■ Exercise directions
Would you retype the line that contains "Rumney, (ward) includes" and all lines following it to the end of the entries below, exactly and without pictures?

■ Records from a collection
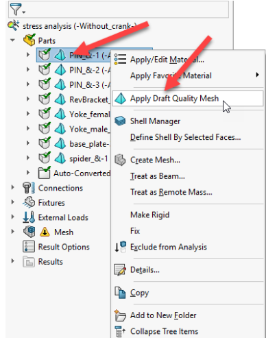 您可以通过右键单击算例树中的一个或多个实体,然后单击“ 应用草图质量网格” 或“ 应用高质量网格” (取决于其当前状态),在元素类型之间切换。您也可以右键单击顶层“零件”文件夹,然后将元素类型应用于所有实体。
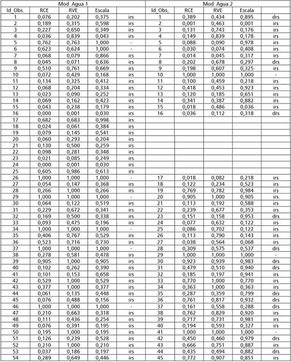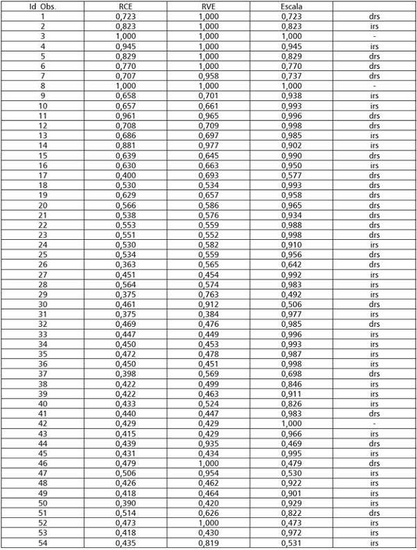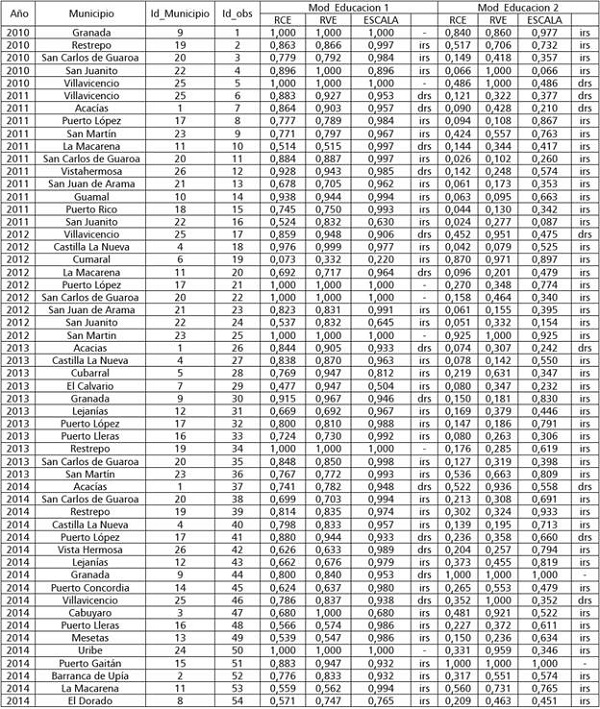 Si SEi = 1, la unidad de decisión (DMU) -en este caso, los municipios analizados- opera con eficiencia de escala, mientras que si SEi <1, indica la presencia de ineficiencias de escala. En este trabajo se opta por mantener el criterio de la DNP; por tanto, orientación input y RVE.
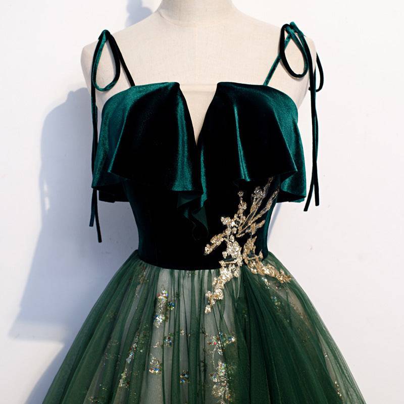 Banquet Sling Temperament Long Dress Dark Green Fantasy Mori
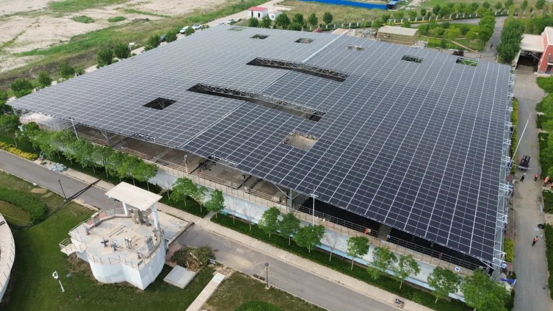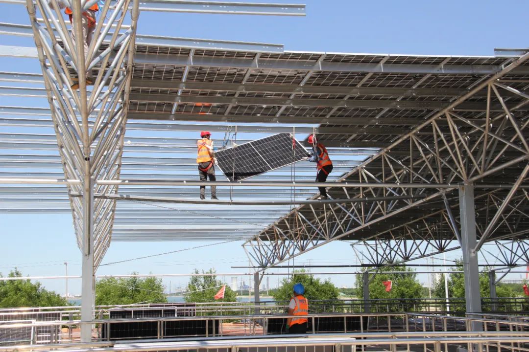 项目中桁架结构最大跨度达到34.7米,这一创新设计不仅提升了整体结构的稳定性,更在视觉效果上达到了极致。大跨度的桁架结构让光伏电站呈现出一种独特的艺术美感,与周围的环境和谐相融。不仅减少了结构立柱的数量,还使得光伏电站更加轻便、美观,成为城市中的一道亮丽风景线。
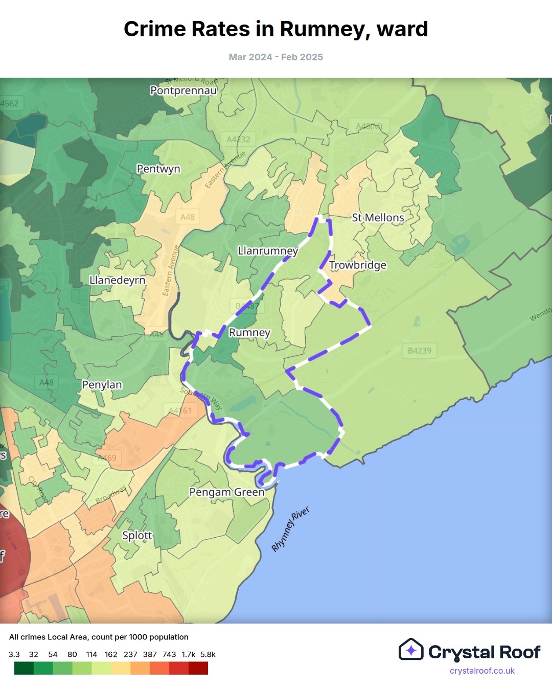 Rumney, (ward) includes areas with the following crime ratings (see map):
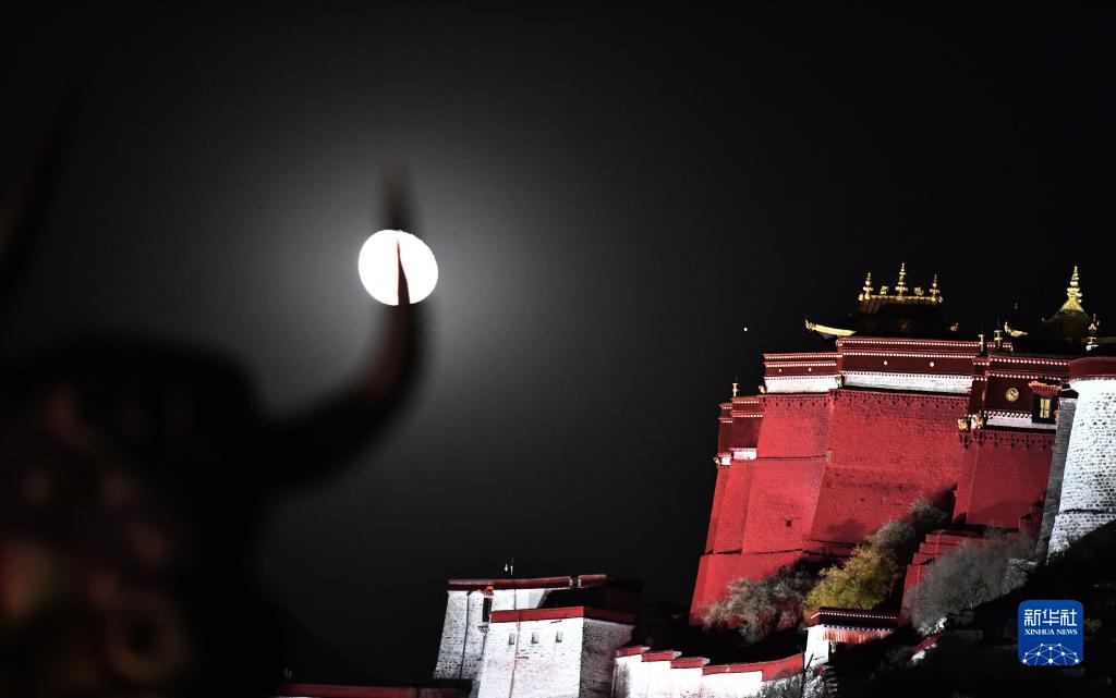 11月11日晚,一次賞心悅目的火星合月亮相天宇。這是在西藏拉薩市布達(dá)拉宮附近,記錄下的這幕“星月童話”。新華社記者 劉潁 攝
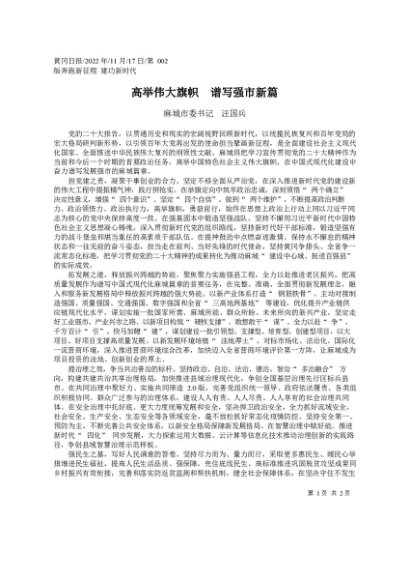 署名文章:2022.11.17麻城市委书记汪国兵:高举伟大旗帜谱写强市新篇

■ Answer section
 Rumney, (ward) includes areas with the following crime ratings (see map):
 11月11日晚,一次賞心悅目的火星合月亮相天宇。這是在西藏拉薩市布達(dá)拉宮附近,記錄下的這幕“星月童話”。新華社記者 劉潁 攝
 署名文章:2022.11.17麻城市委书记汪国兵:高举伟大旗帜谱写强市新篇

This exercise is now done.